The no-nonsense lock played like a man possessed in the final against Australia as if he knew it was going to be his last Test match. It was.
Johnson was the soul of that England team, a dose of realism to throw at some of coach Clive Woodward’s whackiest ideas and, along with John Eales, the best lock of the era.
Rupeni Caucaunibuca, wing, Fiji
Without doubt one of the greatest wings of all time, even though he didn’t look like one. Caucaunibuca only played two games in 2003, against France and Scotland and, a maverick on and off the field, only won eight caps for Fiji.
In Brisbane in 2003 he scored a wonder try against the French, then got yellow-carded and suspended for punching Olivier Magne.
After two games off, Caucau virtually played Scotland on his own scoring two tries in a 22-20 defeat in Sydney.
Bryan Habana, wing, South Africa
Bryan Habana scored eight tries in the 2007 tournament leading to him being named IRB, now World Rugby, Player of the Year.
Apart from getting gassed by the American wing Takudzwa Ngwenya in a pool match, Habana had a stellar tournament.
He finished up with 67 tries in 124 Tests for South Africa and was part of the Bok team, in 2009, which held every trophy they could win.
Juan Martin Hernandez, fly-half, Argentina
‘El Mago’ the Maradona of rugby, Juan Martin Hernandez was the key to Argentina taking the bronze medal in 2007, a journey which saw the Pumas earn two wins over hosts France.
One pass he made in the third-place play-off, against the French, that helped make a try for wing Martin Aramburu, was worth the seven weeks in France alone.
Argentina won that game 34-10 and played the best rugby of the tournament. Hernandez was the conductor of the whole orchestra.
Richie McCaw, flanker, New Zealand
Richie McCaw was hurting after New Zealand’s quarter-final exit to France in 2007 and he was hurting in 2011.

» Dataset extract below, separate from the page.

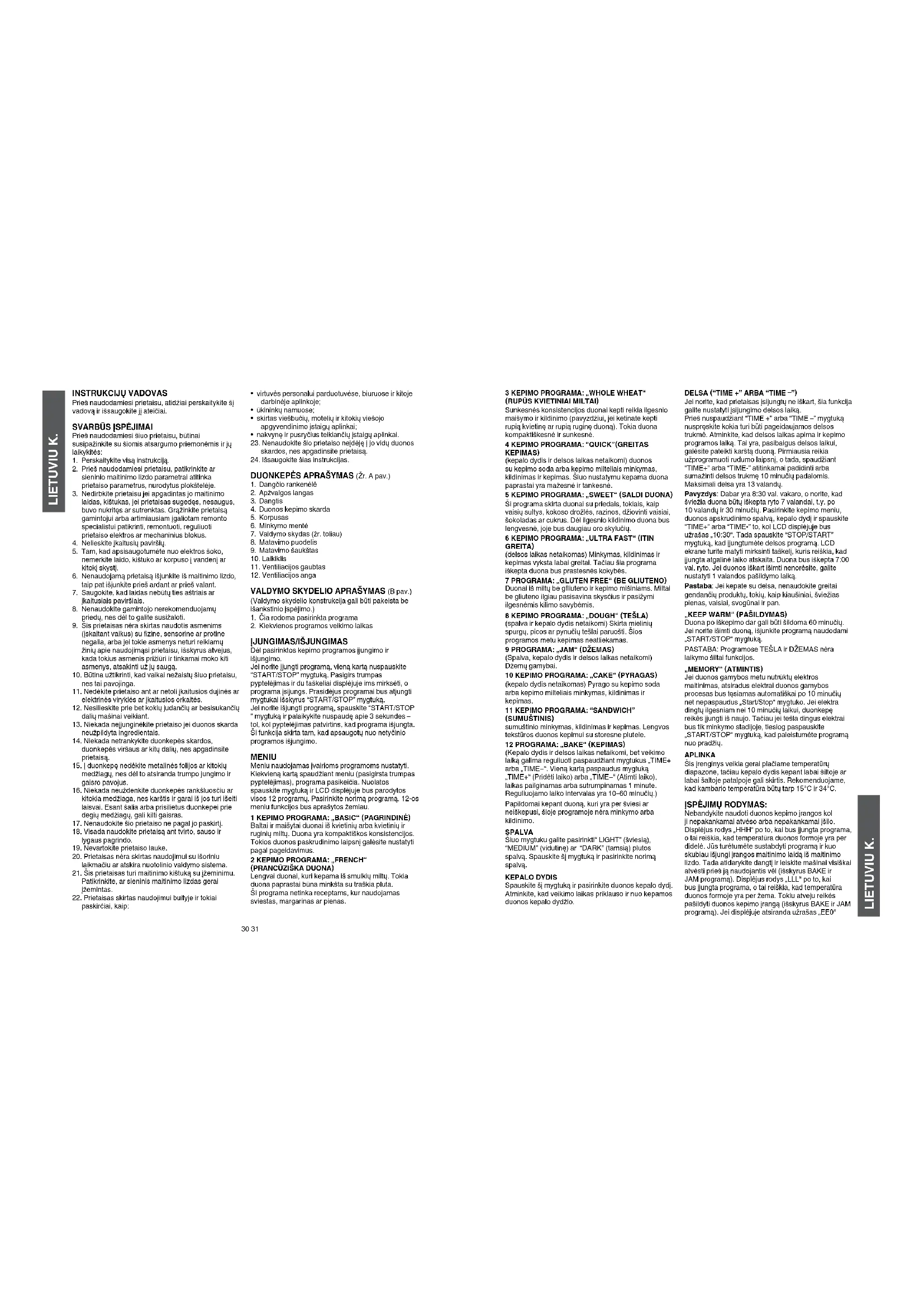 (SUMUŠTINIS) sumuštinio minkymas, kildinimas ir kepimas. Lengvos tekstūros duonos kepimui su storesne plutele. 12 PROGRAMA: „BAKE“ (KEPIMAS) (Kepalo dydis ir delsos laikas netaikomi, bet veikimo laiką galima reguliuoti paspaudžiant mygtukus „TIME+ arba „TIME−“. Vieną kartą paspaudus mygtuką „TIME+“ (Pridėti laiko) arba „TIME−“ (Atimti laiko), laikas pailginamas arba sutrumpinamas 1 minute. Reguliuojamo laiko intervalas yra 10–60 minučių.) Papildomai kepant duoną, kuri yra per šviesi ar neiškepusi, šioje programoje nėra minkymo arba kildinimo. SPALVA Šiuo mygtuku galite pasirinkti“ LIGHT” (šviesią), “MEDIUM” (vidutinę) ar “DARK” (tamsią) plutos spalvą. Spauskite šį mygtuką ir pasirinkite norimą spalvą. KEPALO DYDIS Spauskite šį mygtuką ir pasirinkite duonos kepalo dydį. Atminkite, kad veikimo laikas priklauso ir nuo kepamos duonos kepalo dydžio. DELSA (“TIME +” ARBA “TIME –”) Jei norite, kad prietaisas įsijungtų ne iškart, šia funkcija galite nustatyti įsijungimo delsos laiką. Prieš nuspaudžiant “TIME +” arba “TIME –” mygtuką nuspręskite kokia turi būti pageidaujamos delsos trukmė. Atminkite, kad delsos laikas apima ir kepimo programos laiką. Tai yra, pasibaigus delsos laikui, galėsite pateikti karštą duoną. Pirmiausia reikia užprogramuoti rudumo laipsnį, o tada, spaudžiant “TIME+” arba “TIME-” atitinkamai padidinti arba sumažinti delsos trukmę 10 minučių padalomis. Maksimali delsa yra 13 valandų. Pavyzdys: Dabar yra 8:30 val. vakaro, o norite, kad šviežia duona būtų iškepta ryto 7 valandai, t.y. po 10 valandų ir 30 minučių. Pasirinkite kepimo meniu, duonos apskrudinimo spalvą, kepalo dydį ir spauskite “TIME+” arba “TIME-” to, kol LCD displėjuje bus užrašas „10:30“. Tada spauskite “STOP/START” mygtuką, kad įjungtumėte delsos programą. LCD ekrane turite matyti mirksinti taškelį, kuris reiškia, kad įjungta atgalinė laiko atskaita. Duona bus iškepta 7:00 val. ryto. Jei duonos iškart išimti nenorėsite, galite nustatyti 1 valandos pašildymo laiką. Pastaba: Jei kepate su delsa, nenaudokite greitai gendančių produktų, tokių, kaip kiaušiniai, šviežias pienas, vaisiai, svogūnai ir pan. „KEEP WARM“ (PAŠILDYMAS) Duona po iškepimo dar gali būti šildoma 60 minučių. Jei norite išimti duoną, išjunkite programą naudodami „START/STOP“ mygtuką. PASTABA: Programose TEŠLA ir DŽEMAS nėra laikymo šiltai funkcijos. „MEMORY“ (ATMINTIS) Jei duonos gamybos metu nutrūktų elektros maitinimas, atsiradus elektrai duonos gamybos procesas bus tęsiamas automatiškai po 10 minučių net nepaspaudus „Start/Stop“ mygtuko. Jei elektra dingtų ilgesniam nei 10 minučių laikui, duonkepę reikės įjungti iš naujo. Tačiau jei tešla dingus elektrai bus tik minkymo stadijoje, tiesiog paspauskite „START/STOP“ mygtuką, kad paleistumėte programą nuo pradžių. APLINKA Šis įrenginys veikia gerai plačiame temperatūrų diapazone, tačiau kepalo dydis kepant labai šiltoje ar labai šaltoje patalpoje gali skirtis. Rekomenduojame, kad kambario temperatūra būtų tarp 15°C ir 34°C. ĮSPĖJIMŲ RODYMAS: Nebandykite naudoti duonos kepimo įrangos kol ji nepakankamai atvėso arba nepakankamai įšilo. Displėjus rodys „HHH“ po to, kai bus įjungta programa, o tai reiškia, kad temperatūra duonos formoje yra per didelė. Jūs turėtumėte sustabdyti programą ir kuo skubiau išjungi įrangos maitinimo laidą iš maitinimo lizdo. Tada atidarykite dangtį ir leiskite mašinai visiškai atvėsti prieš ją naudojantis vėl (išskyrus BAKE ir JAM programą). Displėjus rodys „LLL“ po to, kai bus įjungta programa, o tai reiškia, kad temperatūra duonos formoje yra per žema. Tokiu atveju reikės pašildyti duonos kepimo įrangą (išskyrus BAKE ir JAM programą). Jei displėjuje atsiranda užrašas „EE0“ INSTRUKCIJŲ VADOVAS Prieš naudodamiesi prietaisu, atidžiai perskaitykite šį vadovą ir išsaugokite jį ateičiai.

At least this time he had a trophy in his hands but McCaw virtually played the 8-7 final win over the French in Auckland on one leg because of a foot injury.
Not that you would have known from the press seats as McCaw won the battle with his opposite number Thierry Dusautoir, that year’s World Rugby Player of the Year, just about.
Jacques Burger, flanker, Namibia
Namibia lost all four pool games in 2011, against South Africa, Wales, Samoa and Fiji, but flanker Jacques Burger was one of the stars of the tournament.
The tough-tackling Burger was named as one of the top five players at the global gathering by the Rugby News Service.
He was still at it in 2015, in England, before retiring in 2016 to give his battered features a rest on the farm in Namibia.
Dan Carter, fly-half, New Zealand
In 2011 in New Zealand a nation mourned as fly-half Dan Carter tore his groin in training and missed the pool game against Canada and the knockout stages.
It was payback time in England four years later when Carter was a star. His drop-goal against Australia in the 70thminute of the final kept the Wallabies at arm’s length just as his boot had helped the All Blacks to a 20-18 semi-final win over South Africa.
Carter was crowned World Rugby Player of the Year for the third time just after the tournament before scooping the Pat Marshall Award, given by the Rugby Union Writers’ Club, for the sport’s personality of the year.
Michael Leitch, back-row, Japan
Japan were the story of the 2015 World Cup even though they didn’t get out their pool, becoming the first side to win three group games and not make the knockout stages.
Flanker and captain Leitch, born in New Zealand, made the call not to take three points in the dying seconds of their opener against South Africa in Brighton.
Replacement wing Karne Hesketh scored in the left-hand corner, Japan won 34-32 and head coach Eddie Jones got a gig with England shortly afterwards.